単に入港報告とだけ銘打った封筒が、役員以外開封禁止と書かれた上、蝋封して送られてくるだけだ。

換字式暗号で一応新大陸などという単語は伏せられているが、大したものではない。

本当は高度な鍵暗号を使えば確実なのだろうが、技術者がいないし後々になってしまっている。

「見せてくれ」

と、椅子に座りながら言う。

「どうぞ」

受け取った書類をぱらぱらとめくる。

先程までやっていたのか、入れ替えられた単語が正しいものに直されている。

内容は特に疑問はない。

「家が二百戸……その程度か。うーん……」

「やっぱりお膳立てしても難しいものですね」

やっぱり一年やそこらでは進まないようだ。

なにせ無からの建設だからなぁ。

これでも、家一軒分の建材を全部こっちで生産して向こうに送るとか、そういうバックアップは絶えずしていたんだが。

「今の所、人数は千人だったよな。一軒あたり五人か」

「そうですね。ただ、家の大きさは大小様々ですから。夫婦には一戸建て、独り身は大きな雑居住宅という感じで」

「うーん……」

難しい……。

「やっぱり、規模は大きくなりませんね」

「まあ……時間は足りないな。地図もまだ届かないし」

地図作成は急ぎの任務なので、専門の技師を口説いて送ったのだが、まだ地図は来ていない。

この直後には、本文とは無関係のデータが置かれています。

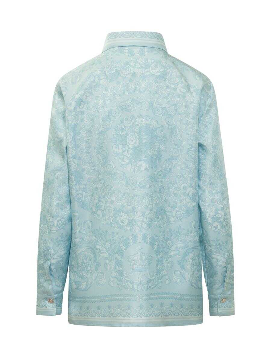 Silk long-sleeved shirt. Pointed collar. Button closure. Buttons on cuffs.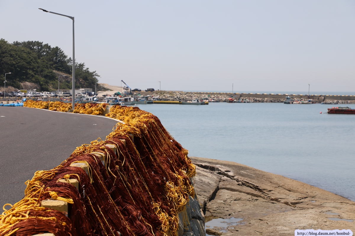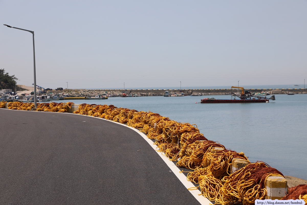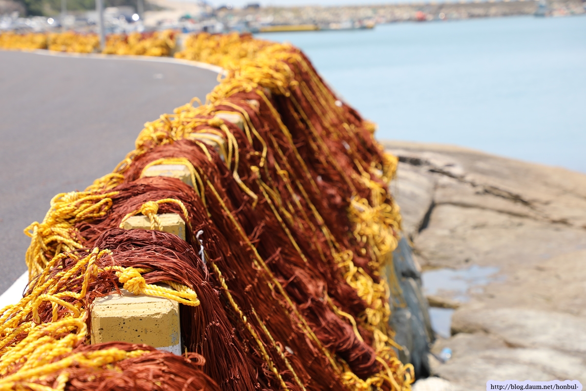 어느 포구 밖에 새로 산 그물을 도로변에 걸어 놓았다.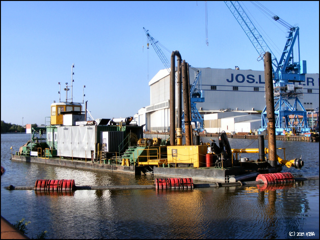 HBA 14.955 Geschrieben 2. März 2019 Autor Geschrieben 2. März 2019 Neben dem Unterhalt der Kanäle und Flüsse müssen auch die Hafenanlagen kontinuierlich vom immer nachfließenden Schlick befreit werden. Die Stadt Papenburg unterhält zu diesem Zweck seit 2003 den auf Pontons aufgebauten Saugbagger "Seeteufel". Die 38 Meter lange und 8,50 Meter breite Maschine kann mit Hilfe der hydraulischen Sauganlage DOP350L der niederländischen Damen Dredging Equipment B.V. in Tiefen zwischen 3 und 10 Metern arbeiten. Außerdem besteht die Möglichkeit, im Wasser-Injektionsmodus Wasser mit Höchstdruck in den Schlick einzuschiessen, um diesen damit fließfähig zu machen. Hier ein älteres Foto des "Seeteufel" aus dem Jahr 2008. Zitieren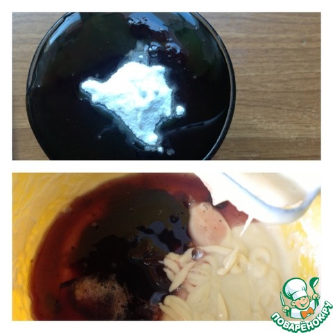 В варенье добавить соду и перемешать. Добавить варенье в тесто и хорошо вымесить.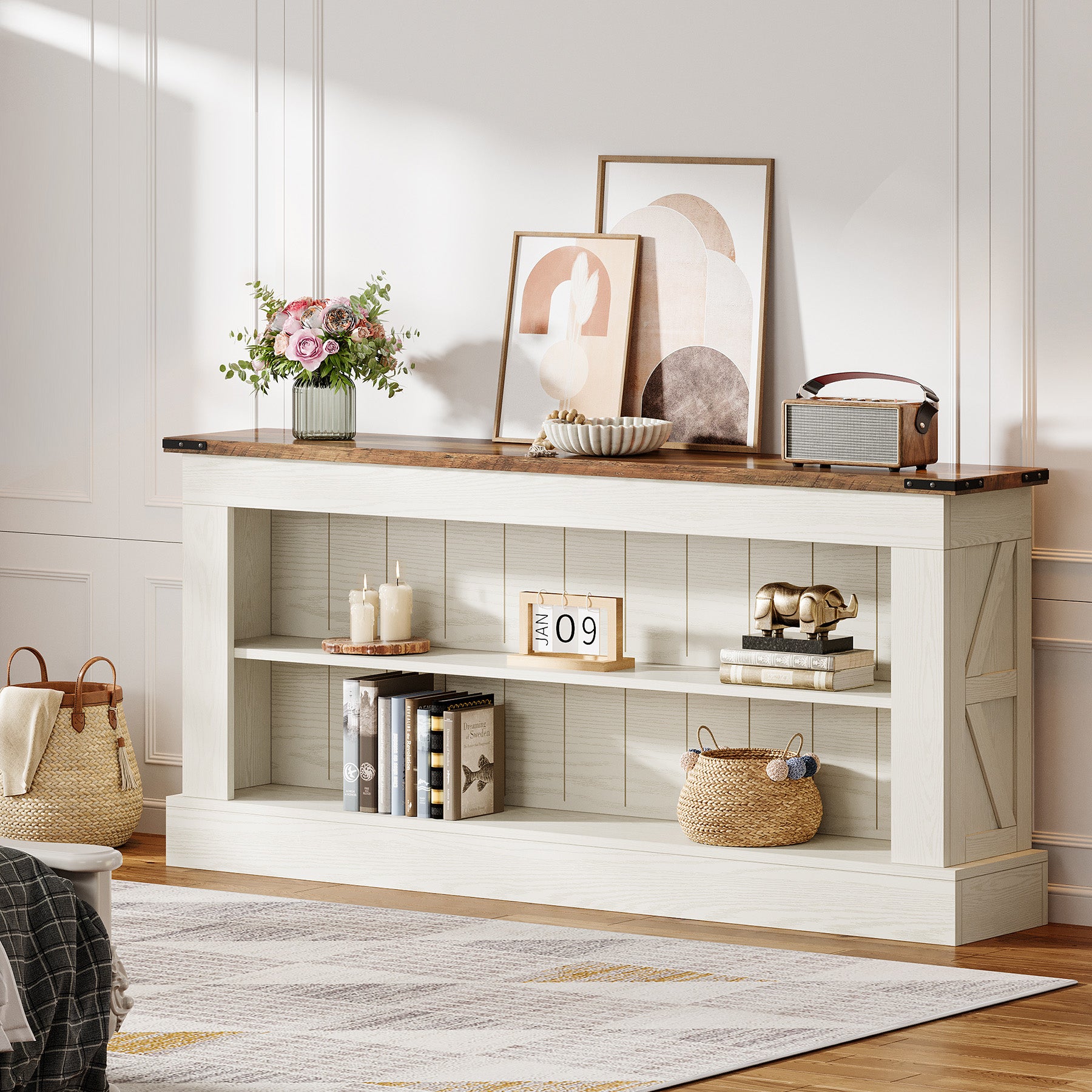Ample Storage - Equipped with a 63-inch tabletop and two open shelves, this entertainment center offers plenty of room for storing audio/video equipment, books, decor, and more.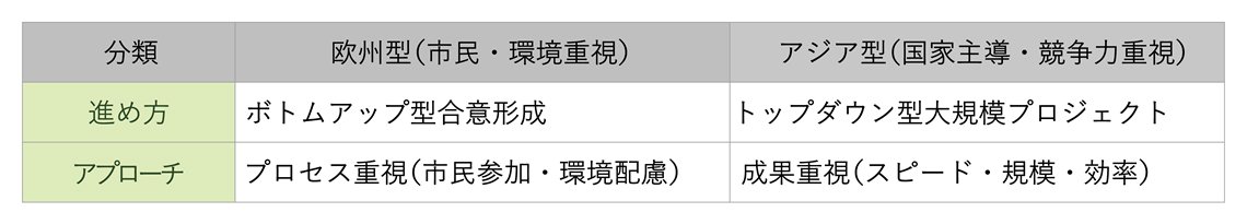 欧州では、スマートシティの取り組みに対してテクノロジーの導入そのものよりも「市民の合意形成」と「環境負荷の低減」を優先する傾向にあります。つまり、「市民が納得した上で都市をどんなルールで運用するか」を丁寧に設計しやすい点が特徴です。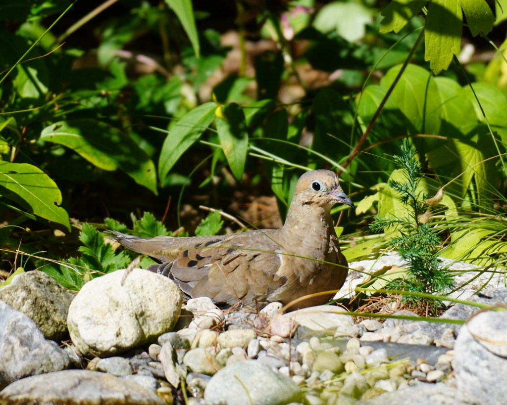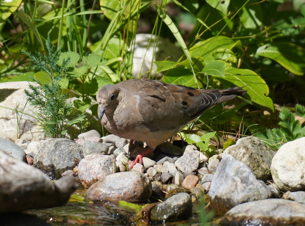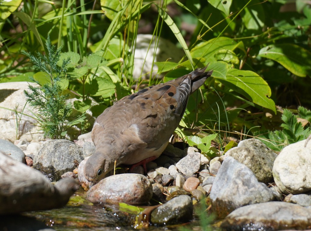 We don’t have Mourning Doves in the yard very often, even though they nest elsewhere in the neighbourhood. This particular bird has been here for a few weeks pecking around the ground for seeds and visiting the stream for drinks. I’ve never seen it bathe.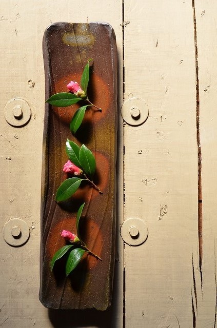 鎬長方皿 横山直樹 -侘助椿-

向こうはこちらと違ってインフラも発展していないし、一年程度ではほんの少ししかできないものなのだろう。

「まあ、今攻められたら厳しいですね」

「そうだな。やっぱり、妙なこだわりは捨てて、ホウ家の事業にして大規模にしたほうがよかったかなぁ」

ホウ家のバックアップを全面的に受ければ、様々な部分のスケールが一回り大きくなったはずだ。

家を作る木材にしろ、船の量にしろ。

「何を言ってるんですか。そしたら今頃は諸侯たちが海を渡って領土を切り分けてますよ。戦争って気分じゃなくなるでしょうし」

ミャロはかばうようなことを言った。

領土を切り分けているかどうかはともかく、ミャロの言う通り、戦争する気にはなってないだろうな。

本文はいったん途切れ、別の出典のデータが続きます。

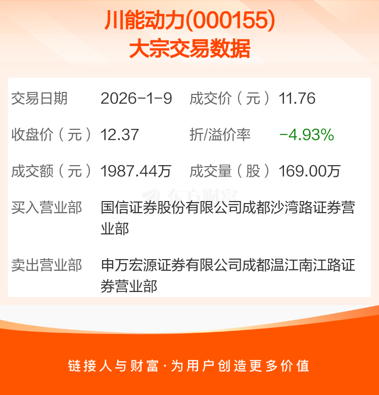 大宗交易:川能动力成交1987.44万元,折价4.93%(1-9)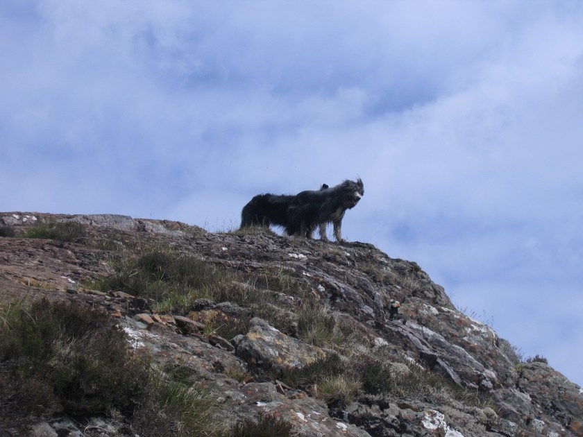 We climbed steeply out of the back of the corrie to emerge at the lochans which provided a welcome spot for lunch and some doggie dunking.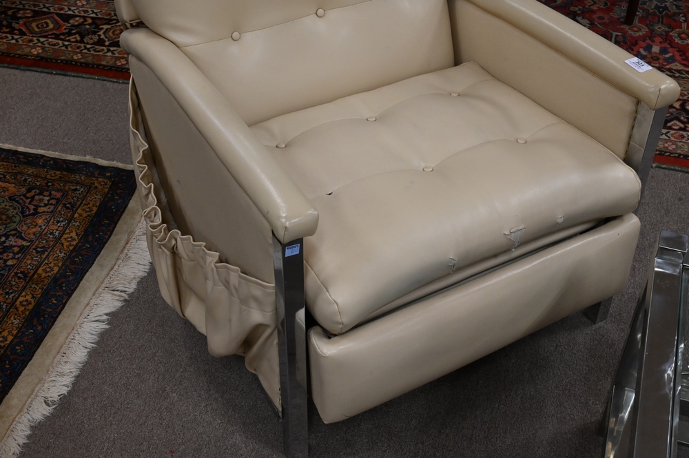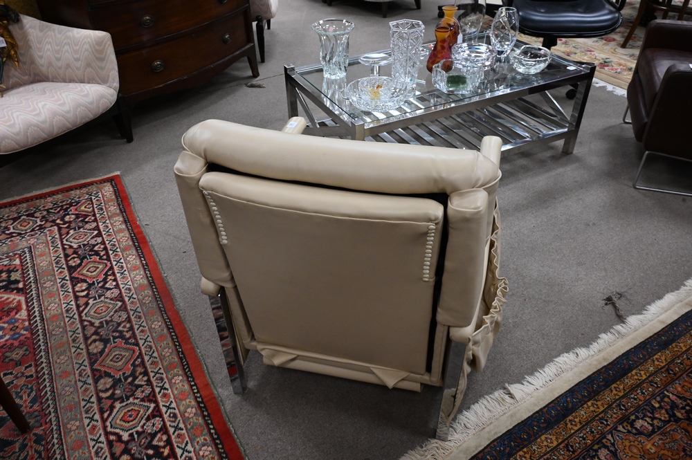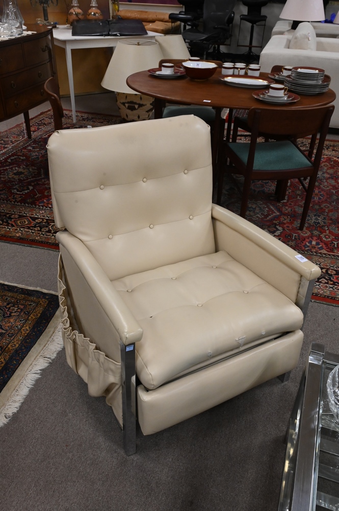Lot 323: Mid Century Reclining Chair, having chrome frame with almond leather upholstery, height 32 inches, width 27 inches.

騎士というのは、「我が領民が一人でも残っているなら 殿(しんがり) を務めて散るのが騎士たるものの誇り!」なんて連中ばかりではない。

そういうのも一部居ないではないが、基本的には自らの家の保身を気にしている。

そんなんで戦場で散れるのか、という話になるが、結局戦場で死ぬかどうかは結果論なのだ。

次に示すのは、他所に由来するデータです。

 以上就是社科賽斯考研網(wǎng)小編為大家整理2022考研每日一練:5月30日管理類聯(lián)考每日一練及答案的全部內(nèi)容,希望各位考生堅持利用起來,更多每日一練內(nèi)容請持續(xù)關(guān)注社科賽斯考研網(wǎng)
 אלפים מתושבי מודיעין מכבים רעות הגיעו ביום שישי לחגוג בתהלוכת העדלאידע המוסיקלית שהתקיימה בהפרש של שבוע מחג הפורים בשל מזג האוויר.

突撃できるのも、それに従わなかったら将家の頭領から役目を降ろされるわけで、もちろん彼らは勇猛に突撃するわけだが、根っこのところには損得がある。

「そうかなぁ」

「絶対、そうです。下手をしたらホウ家とそれ以外で戦争をしてるかもですね。それも面白いかもしれませんが」

冗談じゃない。

しかしなあ……どうしたものか。

頭が痛い。

「それで、新大陸の存在は漏れてないのか?」

「水漏れはしています。でも、今のところは大丈夫そうです」

「なんでだ?」

「ボクの欺瞞工作が功を奏してるのもあると思いますけど……やっぱり、魔女というのは古い家柄ですからね」

古い家柄?

「古いとなんか関係あるのか」

「ありますよ。ある意味で農家の方々と一緒で、土地に深く根を張って生きているってことですから。王都に深々と根を張っているお陰で良い暮らしができているわけで、さあ根を切って身一つで新天地に旅立とう、ってわけには行きません。だから、興味も向きにくいんですね」

「ふーん……」

「もちろん王家が率先して移住計画を進めるなら話は別ですよ。でも独力で海を渡る力はないわけですから」

確かに、どれだけ頑張っても、魔女の連中が天測航法を身につけるなどということは考えられそうにない。

「それで、王家のほうは?」

「まだ悟られてはいないと思います。ただ、さすがに噂は広まってますので……。庶民レベルですけど」

「やっぱり、船員か……」

新大陸担当の船員のほうは、特別に契約書にサインをさせ、守秘義務を課してある。

その中には王家天領への立入禁止という条項が入っているのだが、やっぱり小金が入ったのに気を良くして船を抜け出し、王都で遊ぼうって輩はほんの少しだが居た。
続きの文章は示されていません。